February 7th, 2019
Data produced by the domain of life sciences in the next decade are expected to be highly challenging. In addition to scalability issues which are shared with other applications domains, data produced in life sciences have very specific characteristics: multi-scale, incomplete, heterogeneous but somehow interdependent. This makes data-mining methods less efficient than expected to assist knowledge discovery. An example of such limitations is the study of biological systems in molecular and cellular biology, which cannot be uniquely identified with the data at hand.
In this talk, we will introduce a strategy to study biological systems in the framework of incomplete data.

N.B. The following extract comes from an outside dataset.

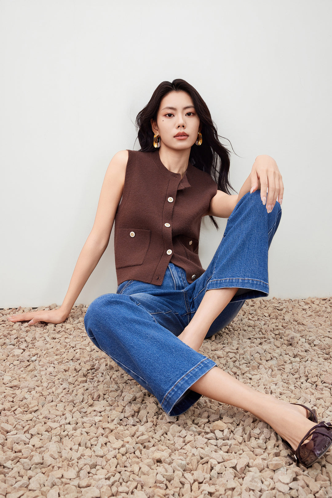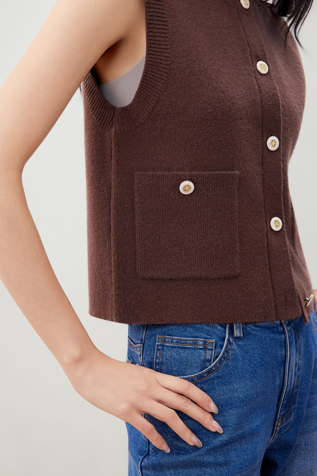圓領無袖針織外套

This strategy relies on reasoning and logical programming technics, allowing to model interactions within a system, take into account information carried by the overapproximated dynamics of the system, and finally extract relevant properties by solving combinatorial problems. We will illustrate this approach on the emerging field of systems ecology which aims at understanding interactions between a consortium of microbes and a host organism.
Anne Siegel is a research director at CNRS, located at IRISA, the computer science laboratory of Rennes. She is the leader of the Dyliss group (IRISA and Inria Rennes) which develops formal methods for the integration of heterogenous data in biology. She started her carreer in mathematics and theoretical computer science by studying symbolic dynamical systems to investigate self-similar structures in number theory and tilings.
Then she explored the field of systems biology, that is, the modeling and study of dynamical systems in molecular biology. Her main research now focuses on constraint-based methods to interpret large-scale observations of a molecular system in a dynamical system framework, with applications to marine biology and extremophile microbiology.